Stored items from a collection
-=-=-=-=-
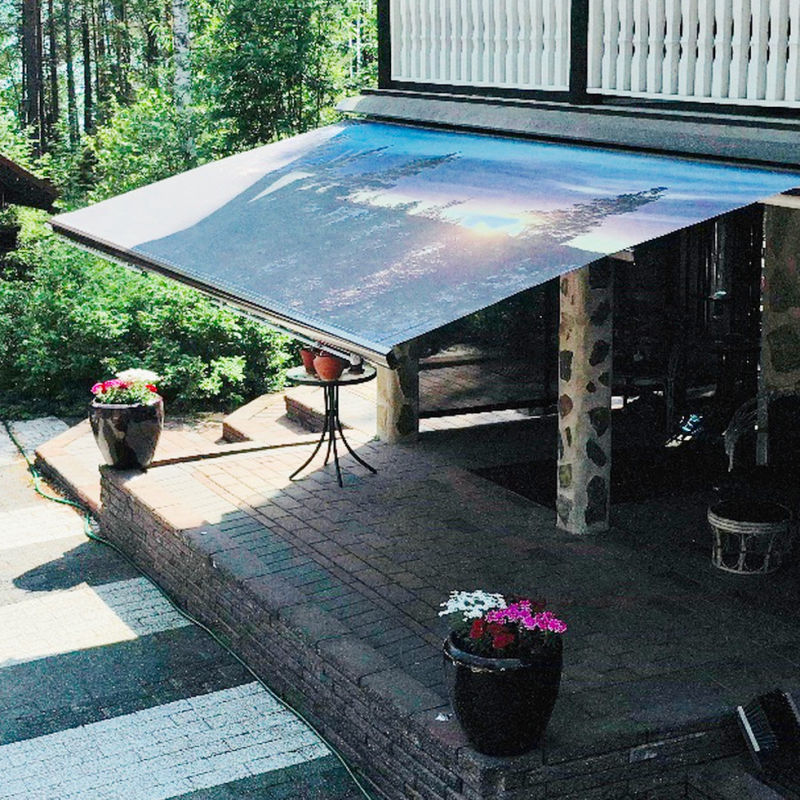 UV-tulostetut markiisikankaat käsittelemme nano-luokan suoja-aineella, mikä helpottaa markiisin puhtaanapitoa ja suojaa kangasta auringon paahteelta. Suojamme ei sisällä silikoneja, fluorihiilivetyä, teflonia tai muita terveydelle haitallisia yhdisteitä.
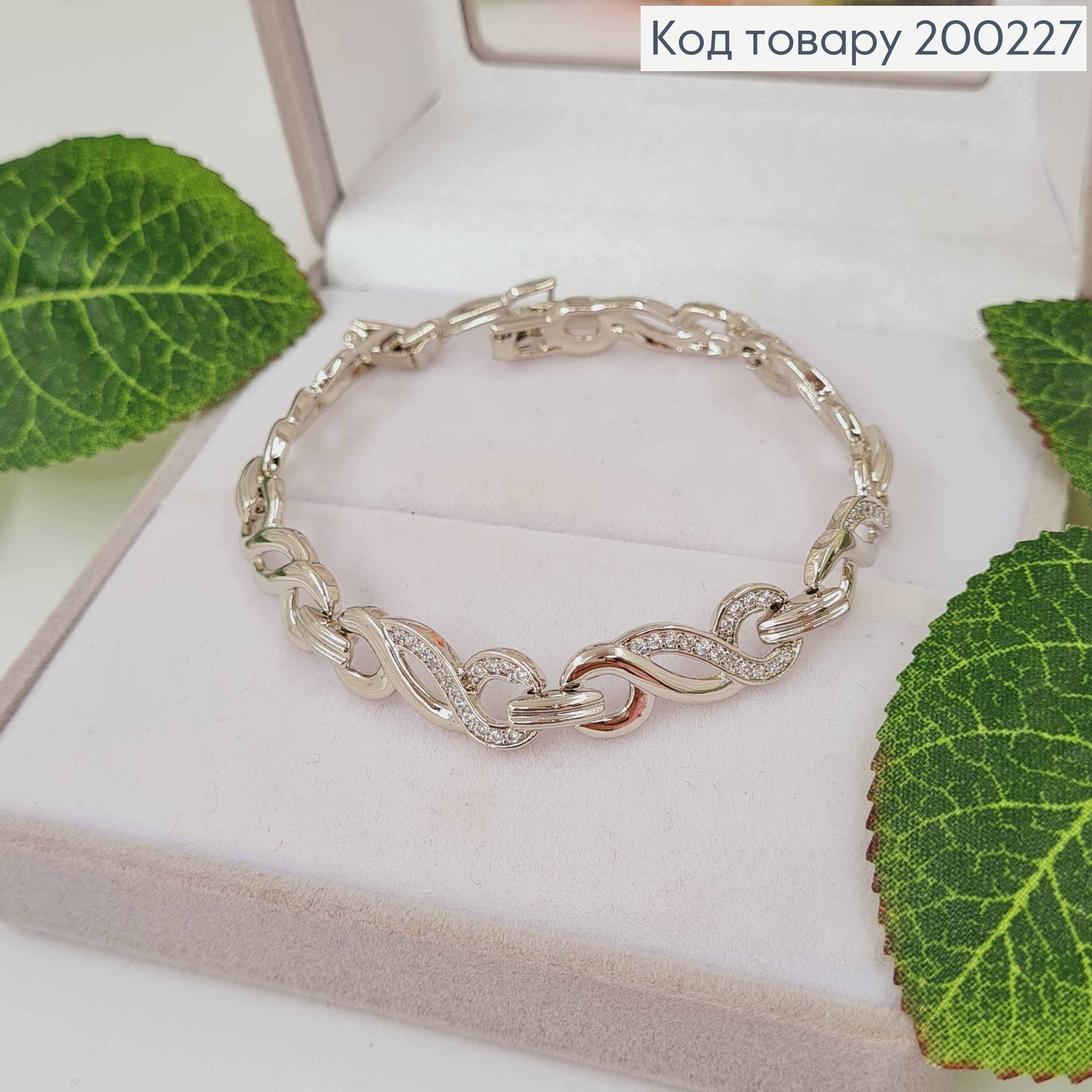 Браслет родований ажурна "Безкінечність" з Блискучими камінцями, довжина 17,5+3см, Xuping 200351 фото
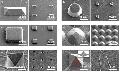 | 演示3D集成的多功能性。(ae)SEM图像显示了石墨烯整合到(a)长金字塔,(b)圆形柱,(c)矩形柱,(d)圆顶和(e)反金字塔上的结果。(f)集成在金字塔基底上的AuNPs /石墨烯杂化结构的SEM图像。右面板显示了左侧红色虚线正方形的放大图像,表明金字塔的墙壁上存在AuNP。(经美国化学学会许可转载)(点击图片放大) | |
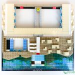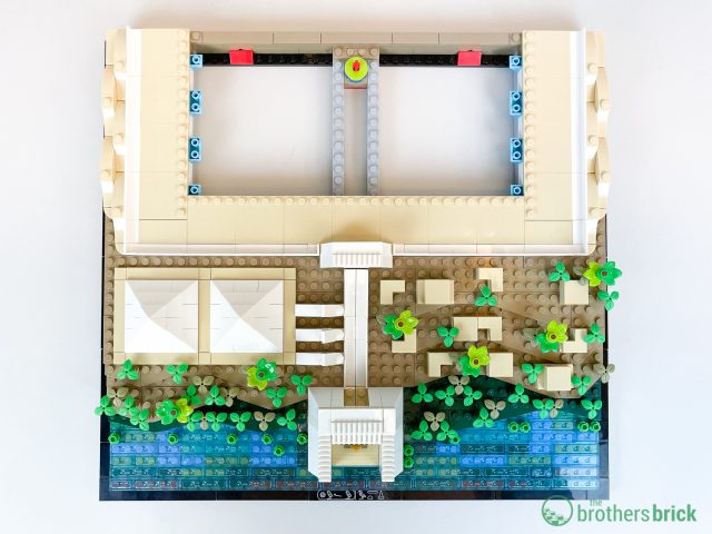 The build is split evenly between bags 1-4, which build the base, the Nile shore, and the various outbuildings, and bags 5-8, which build the Great Pyramid itself. The base comes together similarly to other Architecture sets and the large Stadium sets. A combination of large plates, long bricks, and tiles build a sleek frame for the diorama along with the under-structure for the river.
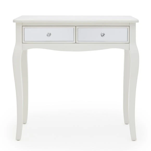 This partially assembled dressing table is the ideal size for situating in a range of interiors. Featuring two spacious, mirrored drawers with smooth runners, this piece is will add a stylish touch to your home.
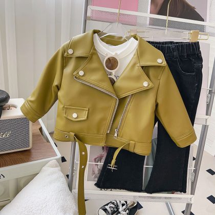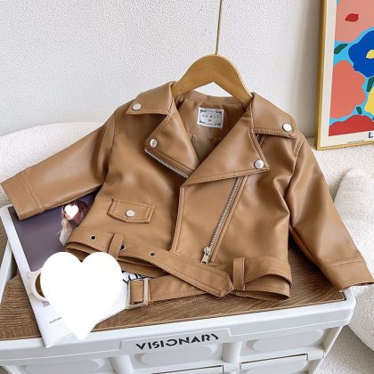 الفتيات الجلود 2024 الخريف جديد للأطفال النمط الغربي الكورية الطفل السائق معطف الربيع والخريف سترة أعلى
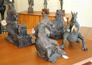 LOT 62 4 Pottery Dragon Sculptures signed by Cat with Paw Print, as found (chips and losses noted). Estimate: $80 - $100 Sold For: $30 Auction Date: Tuesday, November 21 2023 at 4:00 PM
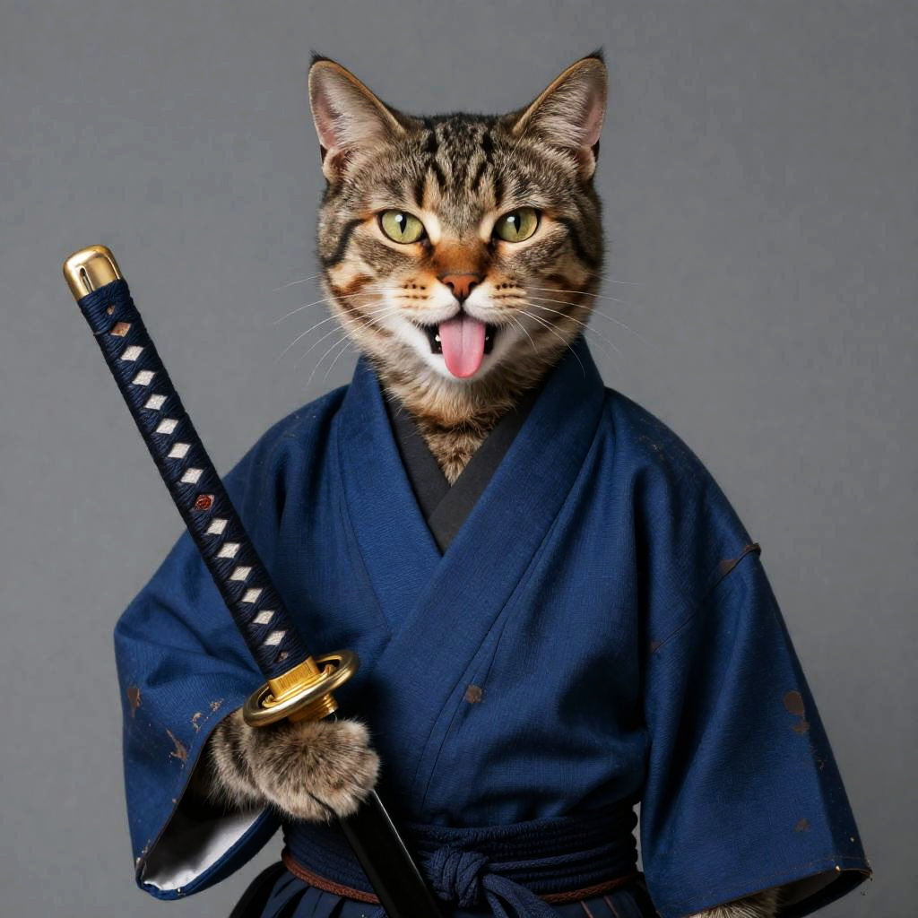 Ultra-realistic digital artwork of a tabby cat dressed as a samurai, wearing a worn indigo kimono and holding an ornate lacquered katana. The cat playfully sticks out its tongue, blending traditional Japanese warrior attire with a whimsical expression. The image showcases exquisite details in the fur, clothing texture, and katana craftsmanship, rendered in 4K resolution.
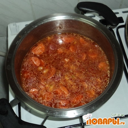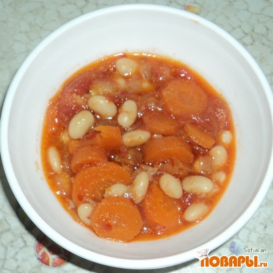 Фасоль для приготовления по этому рецепту можно брать и свежую, но тогда ее нужно замачивать в воде на 3-5 часов. Если берете консервированную, то не в томатном соусе.
-=-=-=-=-
Goal of the exercise
I would like the exact lines from the data above, starting with the one that holds "The build is" and going on through the one that holds "LOT 62 4 Pottery", without the pictures.

Task answer
 The build is split evenly between bags 1-4, which build the base, the Nile shore, and the various outbuildings, and bags 5-8, which build the Great Pyramid itself. The base comes together similarly to other Architecture sets and the large Stadium sets. A combination of large plates, long bricks, and tiles build a sleek frame for the diorama along with the under-structure for the river.
 This partially assembled dressing table is the ideal size for situating in a range of interiors. Featuring two spacious, mirrored drawers with smooth runners, this piece is will add a stylish touch to your home.
 الفتيات الجلود 2024 الخريف جديد للأطفال النمط الغربي الكورية الطفل السائق معطف الربيع والخريف سترة أعلى
 LOT 62 4 Pottery Dragon Sculptures signed by Cat with Paw Print, as found (chips and losses noted). Estimate: $80 - $100 Sold For: $30 Auction Date: Tuesday, November 21 2023 at 4:00 PM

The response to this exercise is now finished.